Have you tried pulling the plugs out and testing them on the bench?
Steve
Blknight.aus
28th February 2014, 02:09 PM
Mate,
you were right, of course! No idea, how I could overlook the obvious. Probably got confused by the fact that I could not find a relay. Anyway, no need to convert, thanks for that. Still some problem solving required as there are only 10.6V at the plug terminals. Maybe this can contribute to the starting trouble? I'll put in new plugs next, could be the easy way to solve the problem.
Cheers
sounds about right. they pull about 80 amps and there is either a current limiting sized bit of wire or a resistor in the system (depending on build spec of the rest of the vehicle) it should have a relay or if its direct power a dirty great push button switch,.
what colours your smoke on startup?
does the smoke disipate instantly once the engine is at revs and under load?
Jojo
28th February 2014, 06:14 PM
sounds about right. they pull about 80 amps and there is either a current limiting sized bit of wire or a resistor in the system (depending on build spec of the rest of the vehicle) it should have a relay or if its direct power a dirty great push button switch,.
what colours your smoke on startup?
does the smoke disipate instantly once the engine is at revs and under load?
Thanks, Dave!
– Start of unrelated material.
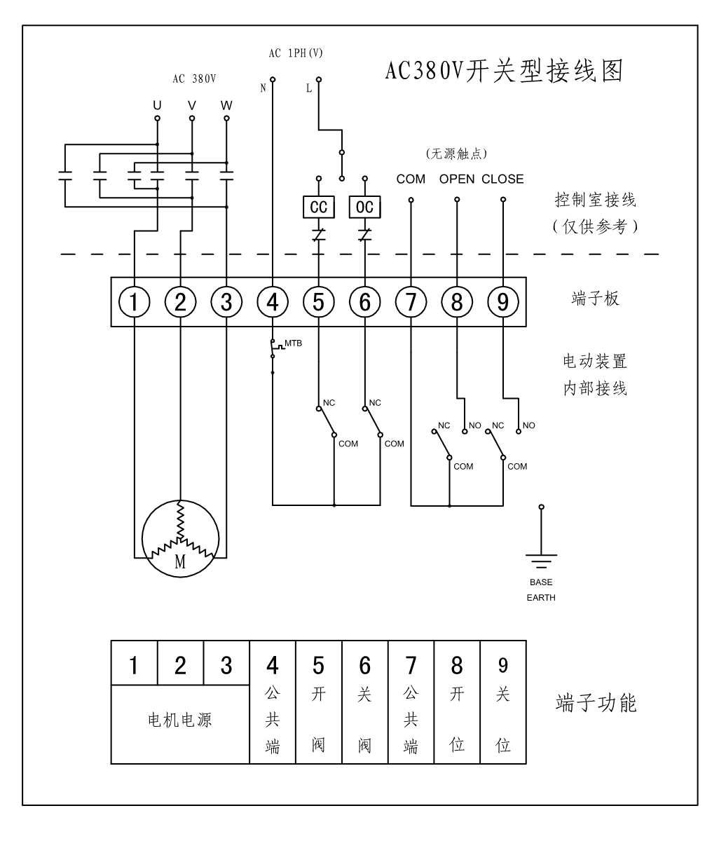 AC380V標準開關型電動球閥接線圖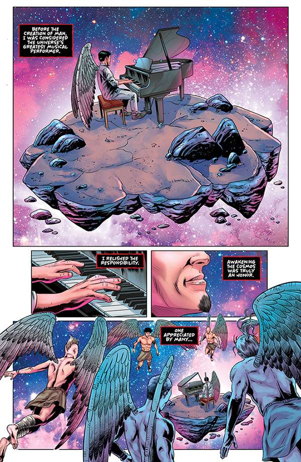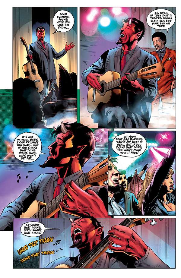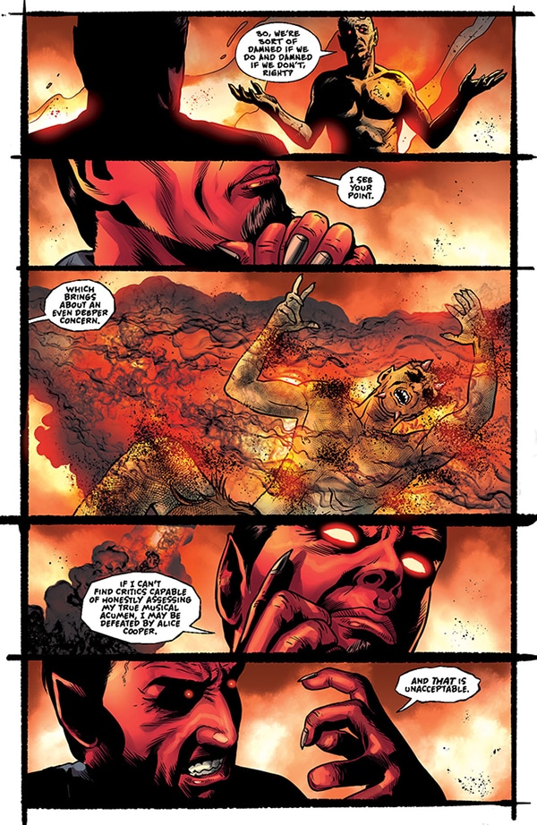 Gabriel tells him there’s a great music club called Burning Meat where the souls of legendary musicians hang out, watching the headliner — Lucifer — play his own personal style of rock music to the raucous applause of the demons in attendance. Now, Lucifer wants to take the show to Earth and the only thing stopping him is… Alice freakin’ Cooper!

Haven't found the resistor yet and the plugs are activated by turning the key to the corresponding position. 
The smoke on start-up is whitish grey (I reckon it is unburnt fuel) and dissipates after a short period of driving/revving the engine, but not instantly.
Glow plugs pull a decent amount of current, so with 4 of them going they may well pull the supply voltage down that low and still be working perfectly. 
Have you tried pulling the plugs out and testing them on the bench?
Thanks, Steve! Yep, I had the plugs out before fitting the engine. They did work, but they are, well, aged. I ordered a set of new ones that will go in as soon as they arrive on my premises.
I found out the truck starts easier if I don't touch the accelerator (somewhat of a misnomer in this kind of vehicle) when running the starter in comparison to pressing it down a bit. Over-fueling maybe? But in a Diesel??
Red90
1st March 2014, 12:55 AM
Whit smoke on startup is fuel being completely unburnt.  Low compression, bad injection spray or retarded timing.
Check the timing first.  A bit advanced from the pin is usually good.  Then check the inectors.
Jojo
1st March 2014, 03:26 AM
Thanks for all your advice, folks! I have changed the glow plugs and now it starts with minimal waiting time (about 15 sec) and only a few cranks of the starter motor.
Compression was checked recently and turned out to be alright, only one cylinder (3) had somewhat lower pressure values, but well within the tolerances. Will check the timing next (but now the gearbox is giving me headache).